SOPHIA DE MELLO BREYNER ANDRESEN




Há uma beleza que nos é dada: beleza do mar, da luz, dos montes,

dos animais, dos movimentos e das pessoas.


Mas há também uma outra beleza que o homem tem o dever de criar: ao

lado do negro da terra é o homem que constrói o muro branco onde a

luz e o céu se desenham.


A beleza não é um luxo para estetas, não é um ornamento da vida, um

enfeite inútil, um capricho. A beleza é uma necessidade, um princípio

de educação e de alegria.


Diz S. Tomás de Aquino que a beleza é o esplendor da verdade. Pela

qualidade e grau de beleza da obra que construímos se saberá se sim

ou não vivemos com verdade e dignidade. A obra do homem é sempre um

espelho onde a consciência se reconhece.


Quando olhamos à nossa roda as aldeias, vilas e cidades de Portugal

temos de constatar que quase tudo quanto se construiu nas últimas

décadas é feio. Feio e - ai de nós! - para durar. Feias as obras

públicas e feias as obras particulares. As excepções à regra de

fealdade são raras.


Costuma dizer-se que a nossa pobreza é a origem dos nossos males. Mas

o que caracteriza grande parte da nossa arquitectura desta época é o

novo-riquismo. Um novo-riquismo exibicionista - quase sempre sem

funcionalidade e sempre sem cultura e sem sensibilidade.


Isto é especialmente triste quando comparamos o presente com o

passado: de facto olhando os antigos solares de pedra e cal vemos que

a nossa arquitectura soube criar nobreza sem riqueza. Daí a pureza e

a dignidade de tantas casas antigas.


Agora não se trata evidentemente de copiar o passado: a arquitectura

é uma arte e a arte é criação e não imitação. Continuar não é imitar

e imitar é sempre ofender e trair aquilo que é imitado. Mas é

necessário que exista aquela consciência do passado e do presente a

que chamamos cultura. Somos um país antigo. Dizem-nos que somos um

país pobre. É estranho que destas coordenadas resulte uma

arquitectura de novos ricos.


A construção da cidade moderna traz problemas difíceis de resolver:

problemas de espaço e de circulação. Mas entre nós estes problemas só

existem em Lisboa e no Porto. No resto do país os problemas são quase

unicamente problemas de humanidade, de bom senso, e de bom gosto ou

seja problemas de moral, de inteligência e de sensibilidade e

cultura.


A regra a seguir é esta: uma casa para todos e beleza para todos. E a

beleza não é cara. É geralmente menos cara do que a fealdade que

quase sempre se chama luxo, monumentalismo, pretensão. A beleza é

simplicidade, verdade, proporção. Coisas que dependem muito mais da

cultura e da dignidade do que do dinheiro.

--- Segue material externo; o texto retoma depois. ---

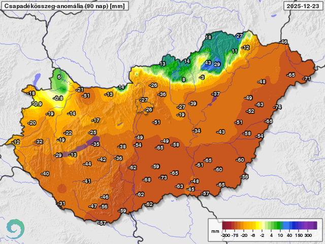 Az elmúlt 90 nap csapadékösszegének eltérése a sokéves átlagtól 2025. december 23-ig (mm)

Penso neste momento especialmente na terra do Algarve, com suas

praias, suas grutas, seus promontórios, seus muros brancos, sua luz

claríssima. É preciso não destruir estas coisas. É preciso que aquilo

que vai ser construído não destrua aquilo que existe.


A arte é sempre a expressão duma relação do homem com o mundo que o

rodeia. A arquitectura é especificamente a expressão duma relação

justa com a paisagem e com o mundo social. Fora destas coordenadas só

há má arquitectura.


Afirma-se que é necessário desenvolver turisticamente o Algarve. Para

isso será preciso construir. Mas é necessário que aqueles que vão

construir amem o espaço, a luz e o próximo.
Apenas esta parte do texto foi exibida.